Outro estudo encontrado relaciona o ácido úrico como fator de mau prognóstico no LNH. Entretanto, somente os pacientes com LB foram avaliados. Trata-se de estudo retrospectivo com 42 pacientes africanos de Uganda avaliados entre 1967 e 1973 com idade de até 28 anos, com o objetivo de avaliar se alterações bioquímicas refletiam a carga tumoral e se elas poderiam correlacionar-se com o estadio e o prognóstico. Houve uma correlação entre o nível de ácido úrico e LDH com o estadio, sendo observado níveis mais elevados em pacientes com doença mais avançada (p < 0,01, e p < 0,005, respectivamente). Os autores também observaram correlação significativa entre as variáveis LDH e ácido úrico (p = 0.012). Em relação à dosagem sérica de uréia, não houve relação significativa com o estadio da doença (p = 0,1). O estadiamento, as dosagens séricas de LDH e de ácido úrico apresentaram correlação com o prognóstico, e os autores concluíram que esses parâmetros poderiam ser utilizados como indicadores de carga tumoral. Além disso, a correlação altamente significativa entre LDH e ácido úrico quando a influência do estadio é removida é consistente com a probabilidade de que ambos refletem carga tumoral total. Entretanto, nesse estudo, o mais importante fator prognóstico foi o estadiamento ao diagnóstico (MAGRATH et al., 1980).

Dessa maneira, o ácido úrico, produto final da degradação da purina, pode ser correlacionado com a carga tumoral. Além disso, a concentração real de ácido úrico é sem dúvida influenciada por diferenças na cinética da população de células tumorais, pelo estado de hidratação do paciente e pela excreção tubular renal.
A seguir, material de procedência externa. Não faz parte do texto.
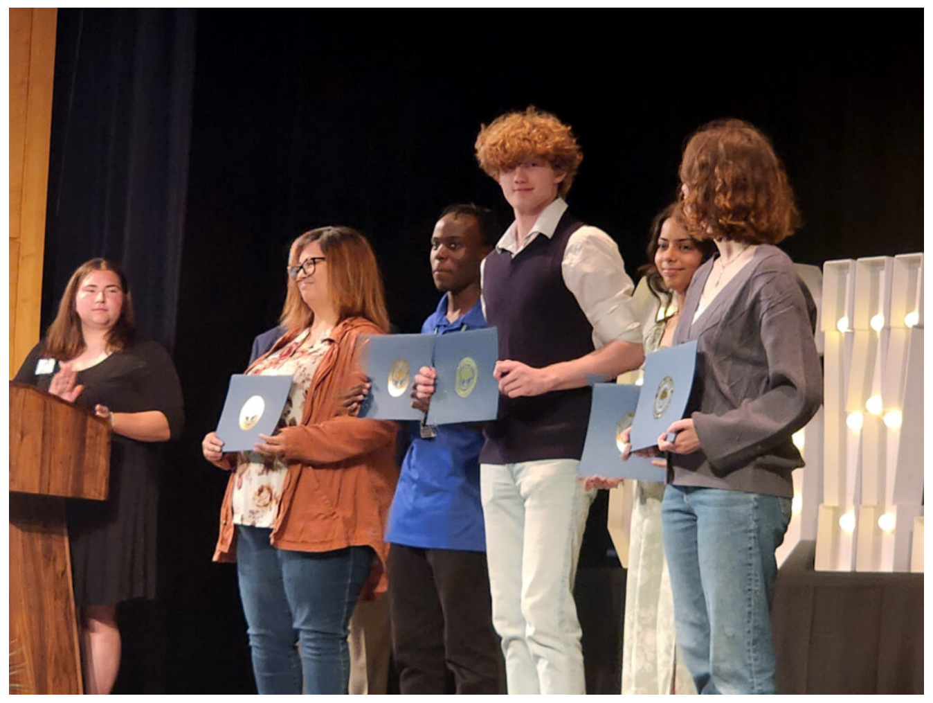
Students were awarded academic, employee, department, and ASCC program awards.

This year's OSWALD Awards Ceremony was a Penguin star-studded event with over 100 students being recognized for their outstanding achievements. As guests arrived, they had the opportunity to pose in front of the camera with props for fun photo-ops and fill their plates with delectable refreshments.

A avaliação da carga tumoral pode então ser provavelmente aferida não só pelo estadio clínico e pela dosagem sérica de LDH, mas também pela de ácido úrico.

Devido à probabilidade de comprometimento renal na admissão dos pacientes com LNH, seja primário ou secundário à generalização da doença, é importante o monitoramento da função renal ao diagnóstico e durante o tratamento. Os rins são a principal via excretora de substâncias metabólicas tumorais. Além disso, a presença de disfunção renal por acometimento tumoral direto ou quadro obstrutivo pode atrasar o início do tratamento ou favorecer complicações secundárias a ele. No presente estudo, dos exames utilizados para avaliar a função renal, o ácido úrico e a uréia foram associados, na análise univariada, a uma pior evolução dos pacientes. Para os pacientes com LNH e grande carga tumoral pode ocorrer lise celular espontânea que em geral determina anormalidades bioquímicas, das quais a hiperuricemia com seu potencial fator de agressão renal é o fator de risco mais importante (IVERSEN et al., 1974; MAGRATH, I et al., 1980). Deve ser também ressaltado que, tipicamente, os LNH apresentam alta taxa de crescimento e são mais

frequentemente associados a alterações bioquímicas como níveis elevados de ácido úrico ou LDH (HUDSON et al., 2007).